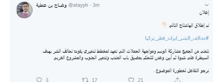 وقال في تغريدة عبر "تويتر" رصدها "المشهد العربي": "إعلان تم إطلاق الهاشتاج التالي تحالف الشر إيران قطر تركيا.. نتمنى من الجميع مشاركة الوسم ومواجهة الحملات التي تمهد لمخطط تدميري يقوده تحالف الشر بهدف السيطرة على شبوة ثم أبين وعدن للتحكم بمضيق باب المندب وتدمير الجنوب والمشروع العربي نرجو التفاعل لخطورة الموضوع".
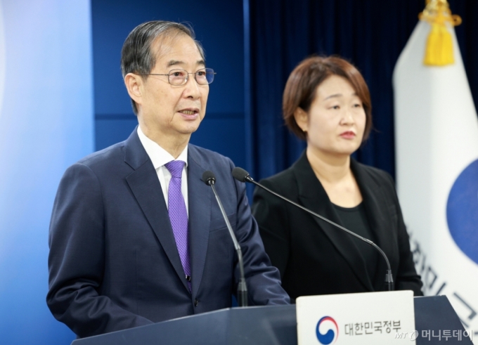한덕수 대통령 권한대행 국무총리가 1일 서울 종로구 정부서울청사에서 대국민 담화를 하고 있다. 2025.05.01. /사진=뉴시스 /사진=고범준 |
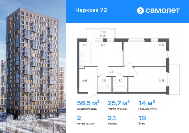 Строим кварталы для жизни с заботой о будущем. Предлагается 2-комнатная квартира комфорт-класса 56,46 кв.м в корпусе 2.1 на 19 этаже, в ЖК "Чаркова 72" Квартира с чистовой отделкой. Доступность дополнительных опций уточняйте у застройщика. Приобрести квартиру возможно по специальным акциям от застройщика, с текущими условиями акций можно ознакомиться в блоке "Акций". Цена динамическая и может отличаться, уточняйте актуальность у застройщика. Идеальное сочетание городского комфорта и размеренной жизни — квартал "Чаркова 72" на северо-востоке города. В дизайне 17-24-этажных домов с панорамными балконами нашли отражение нотки сибирской природы. От "Чаркова 72" удобно добираться до центра города — всего 17 минут пути. А в 2 минутах от дома находится Тобольский тракт. Для семейного отдыха отлично подойдет парк Гагарина — он находится в 7 минутах от квартала. В закрытых дворах тихо и уютно — все авто остались на одном из 4 многоуровневых паркингов, которые находятся за территорией квартала. Можно спокойно гулять по бульвару и заниматься йогой на спортивной площадке. На первых этажах домов — кафе и магазины. Рядом с проектом — детские сады и школы, городская поликлиника и МФЦ. Во всех квартирах есть выводы под кондиционеры, на подземных этажах — индивидуальные кладовые, на первых — места для хранения велосипедов и колясок. В квартирах можно выбрать варианты отделки: чистовая, черновая и улучшенная из материалов повышенного класса.
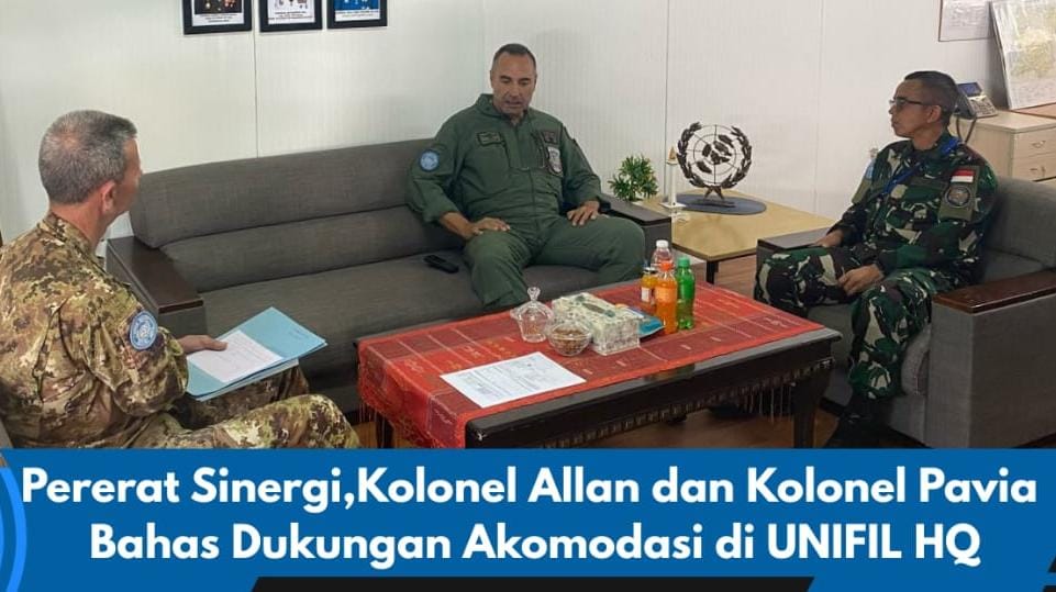 Rabu, (30/04/2025) – Komandan Satgas FHQSU XXVI-Q, Kolonel Inf Allan Surya Lesmana, S.Sos., menerima kunjungan Colonel Pavia, TFitair-Co UNIFIL, di Kantor FHQSU Naqoura.
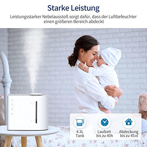 [ Leistungsstarke Befeuchtungskapazität ] Genießen Sie den kühlen Nebel für eine Luftbefeuchtung von 20-45 m² großen Räumen, Kinderzimmern und Umgebungen mit Pflanzen für einen Zeitraum bis 40 Stunden ohne Nachfüllen, dank des kompakten 4.3L Behälters.
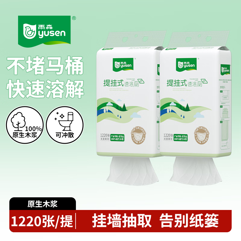 雨森提挂式速溶厕纸4层1220张*2提 最终到手价12.9元
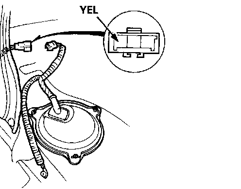 5. Check that battery voltage is available at the fuel pump connector when the ignition switch is turned ON (positive probe to the YEL wire negative probe to the body ground).

++++++++

-- WHAT YOU NEED TO DO --
What you hand back should match the entries above exactly, except that no picture appears.

-- EXERCISE RESPONSE --
 وقال في تغريدة عبر "تويتر" رصدها "المشهد العربي": "إعلان تم إطلاق الهاشتاج التالي تحالف الشر إيران قطر تركيا.. نتمنى من الجميع مشاركة الوسم ومواجهة الحملات التي تمهد لمخطط تدميري يقوده تحالف الشر بهدف السيطرة على شبوة ثم أبين وعدن للتحكم بمضيق باب المندب وتدمير الجنوب والمشروع العربي نرجو التفاعل لخطورة الموضوع".
한덕수 대통령 권한대행 국무총리가 1일 서울 종로구 정부서울청사에서 대국민 담화를 하고 있다. 2025.05.01. /사진=뉴시스 /사진=고범준 |
 Строим кварталы для жизни с заботой о будущем. Предлагается 2-комнатная квартира комфорт-класса 56,46 кв.м в корпусе 2.1 на 19 этаже, в ЖК "Чаркова 72" Квартира с чистовой отделкой. Доступность дополнительных опций уточняйте у застройщика. Приобрести квартиру возможно по специальным акциям от застройщика, с текущими условиями акций можно ознакомиться в блоке "Акций". Цена динамическая и может отличаться, уточняйте актуальность у застройщика. Идеальное сочетание городского комфорта и размеренной жизни — квартал "Чаркова 72" на северо-востоке города. В дизайне 17-24-этажных домов с панорамными балконами нашли отражение нотки сибирской природы. От "Чаркова 72" удобно добираться до центра города — всего 17 минут пути. А в 2 минутах от дома находится Тобольский тракт. Для семейного отдыха отлично подойдет парк Гагарина — он находится в 7 минутах от квартала. В закрытых дворах тихо и уютно — все авто остались на одном из 4 многоуровневых паркингов, которые находятся за территорией квартала. Можно спокойно гулять по бульвару и заниматься йогой на спортивной площадке. На первых этажах домов — кафе и магазины. Рядом с проектом — детские сады и школы, городская поликлиника и МФЦ. Во всех квартирах есть выводы под кондиционеры, на подземных этажах — индивидуальные кладовые, на первых — места для хранения велосипедов и колясок. В квартирах можно выбрать варианты отделки: чистовая, черновая и улучшенная из материалов повышенного класса.
 Rabu, (30/04/2025) – Komandan Satgas FHQSU XXVI-Q, Kolonel Inf Allan Surya Lesmana, S.Sos., menerima kunjungan Colonel Pavia, TFitair-Co UNIFIL, di Kantor FHQSU Naqoura.
 [ Leistungsstarke Befeuchtungskapazität ] Genießen Sie den kühlen Nebel für eine Luftbefeuchtung von 20-45 m² großen Räumen, Kinderzimmern und Umgebungen mit Pflanzen für einen Zeitraum bis 40 Stunden ohne Nachfüllen, dank des kompakten 4.3L Behälters.
 雨森提挂式速溶厕纸4层1220张*2提 最终到手价12.9元
 5. Check that battery voltage is available at the fuel pump connector when the ignition switch is turned ON (positive probe to the YEL wire negative probe to the body ground).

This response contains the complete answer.